In each neuron, we compared the responses to the shading condition producing the largest response in the test (L1) to the responses to the image of the same object and illumination direction, but rendered with the other illumination intensity (L2). Testing with a t-test showed a statistically significant difference between the L1 and L2 responses (P < 0.05) in 49% (17/35) of the neurons. In order to quantify the size of this effect, relative to the response variability of the neurons, we computed an intensity modulation index, defined as the absolute difference between L1 and L2, divided by the mean (trial-by-trial) standard deviation of the responses in the two conditions. This index is analogous to the d′ measure used in signal detection theory (Green and Swets, 1966). [Since an observer gets only a single trial in every-day object recognition, the (trial-by-trial) standard deviation and not the standard error (of the mean across trials) is the relevant measure of variability of the response of a single neuron.] The distribution of this index is shown in Figure 4A. The median of the distribution is 0.97, indicating a response modulation by illumination intensity nearly equal to the response standard deviation. The neurons shown in Figure 3A,B have intensity modulation indices of 0.77 and 6.10, respectively.

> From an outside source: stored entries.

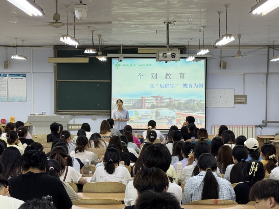 李玉霞副校长以个别教育——“后进生”教育为主题,结合自身丰富的工作经历与经验,从日常班级管理实例切入,以幽默风趣的语言向同学们分享了多年班主任工作的深刻体会。她围绕“后进生”教育,介绍了她的职业生涯中角色的转换,传授了她在职业中的经验与班级管理的技巧,为同学们展示了“创新”在班级管理中的积极作用,提供了新颖且实用的班级管理思路与方法。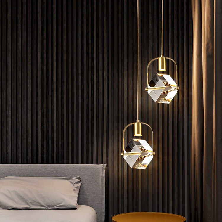 Lampu gantung kristal tempat tidur, lampu gantung kecil modern untuk kamar tidur, lampu kristal latar belakang TV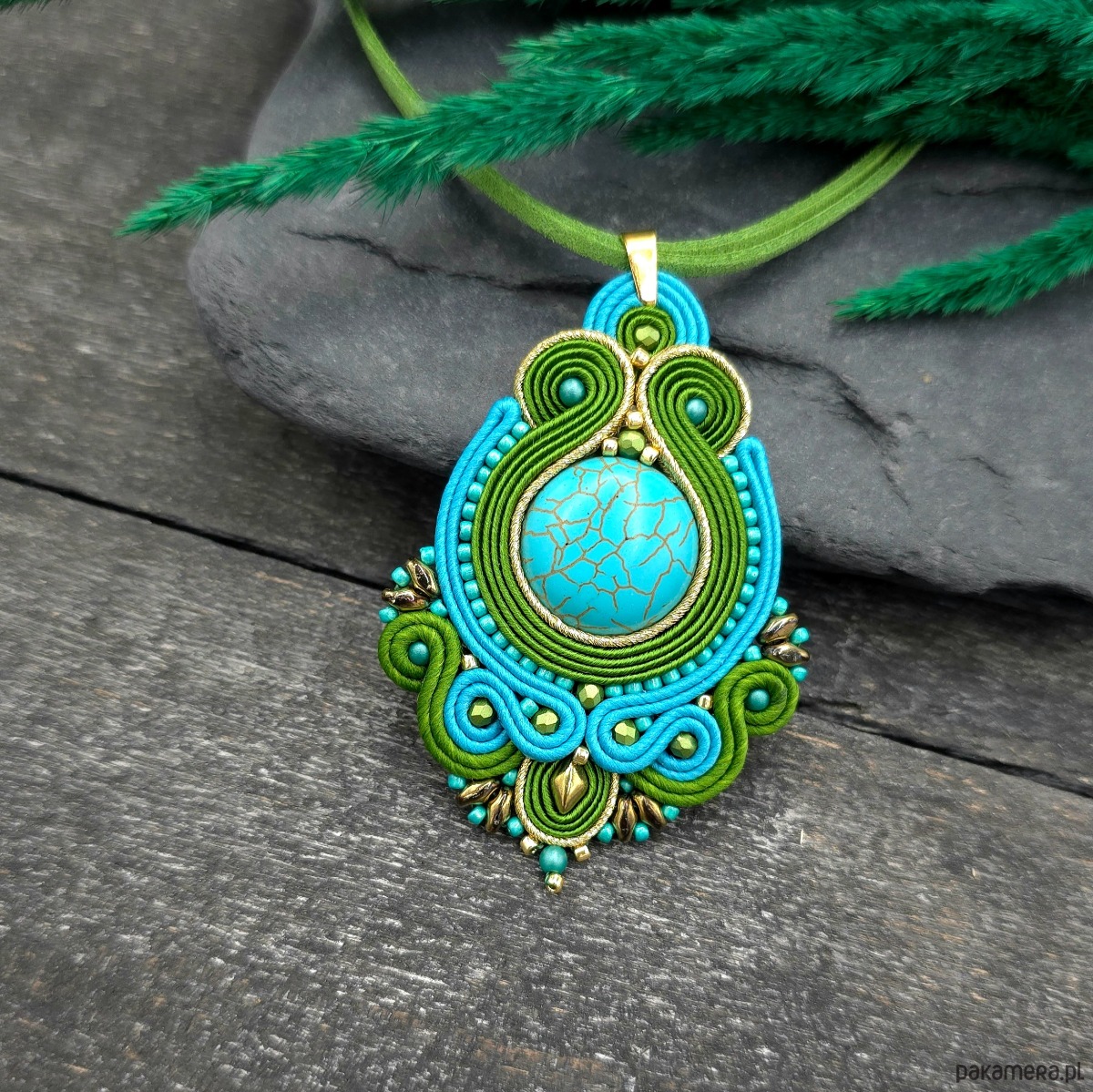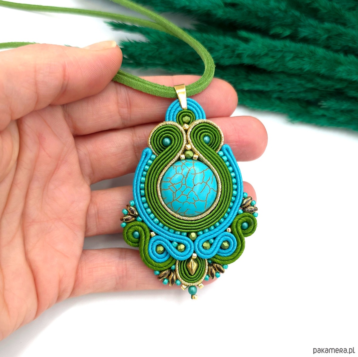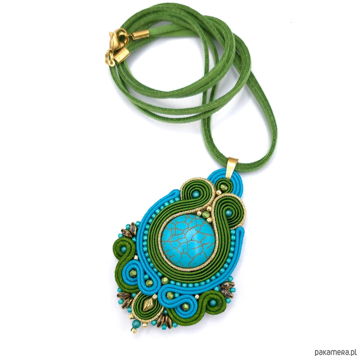 Wisiorek naszyjnik sutasz turkusowo zielony Iris z howlitem

Overall, do the neurons respond more strongly to the high compared to low illuminated shaded images? To answer this question, we computed the following index for each neuron: the response to the low illumination condition (L1 or L2) was subtracted from the response to the high illumination condition (L2 or L1) and divided by the sum of L1 and L2. A positive (negative) value would indicate a stronger (weaker) response to the high compared to the low illuminated version. The median of the distribution of this index (Fig. 4B) was –0.05 (1st quartile, –0.16; 3rd quartile, 0.07), indicating no overall consistent effect of the illumination intensity. Although reducing the luminance of the light source darkened the image of the object, this darkening had two opposing effects (Fig. 2). First, the contrast of the outer border of the object and the white background was increased and, second, the saliency of the internal features was reduced. Depending on the sensitivity of the neuron to either the outer object border (see below) or its inner features, a reduction of the luminance may thus result in an increase or a decrease of the response.
Effects of Illumination Direction
Figure 5 shows the responses of two IT neurons to the five high luminance, shaded versions of two objects. The response of the neuron of Figure 5A was not affected by illumination direction of its preferred object (ANOVA, P > 0.05), while the response of the neuron of Figure 5B was strongly affected by the illumination direction (ANOVA, P < 0.00001). These two examples illustrate extremes of the effect of illumination direction on the responses of the IT neurons. The two neurons shown in Figure 3 provide additional examples in which the responses were affected significantly by shading variations.
Based on ANOVA, 45% (42/94) of the response modulations due to direction of illumination (high-luminance condition) were statistically significant when selecting the object producing the largest response. To quantify this effect of shading we selected among the responses to the five shaded versions of the object producing the best response, the maximal (SH) and minimal (SL) mean responses. The direction modulation index was defined as the subtraction of SL from SH, divided by the mean standard deviation of these responses, analogous to the intensity modulation index (see above). Figure 6A shows the distribution of the direction modulation indices for the high illumination conditions of the 94 neurons tested in either the IDI or IDS test. The median direction modulation index was 1.17, indicating a response modulation by shading similar to the response standard deviation. The neurons shown in Figure 5 A,B have a direction modulation index of 0.88 and 3.28, respectively.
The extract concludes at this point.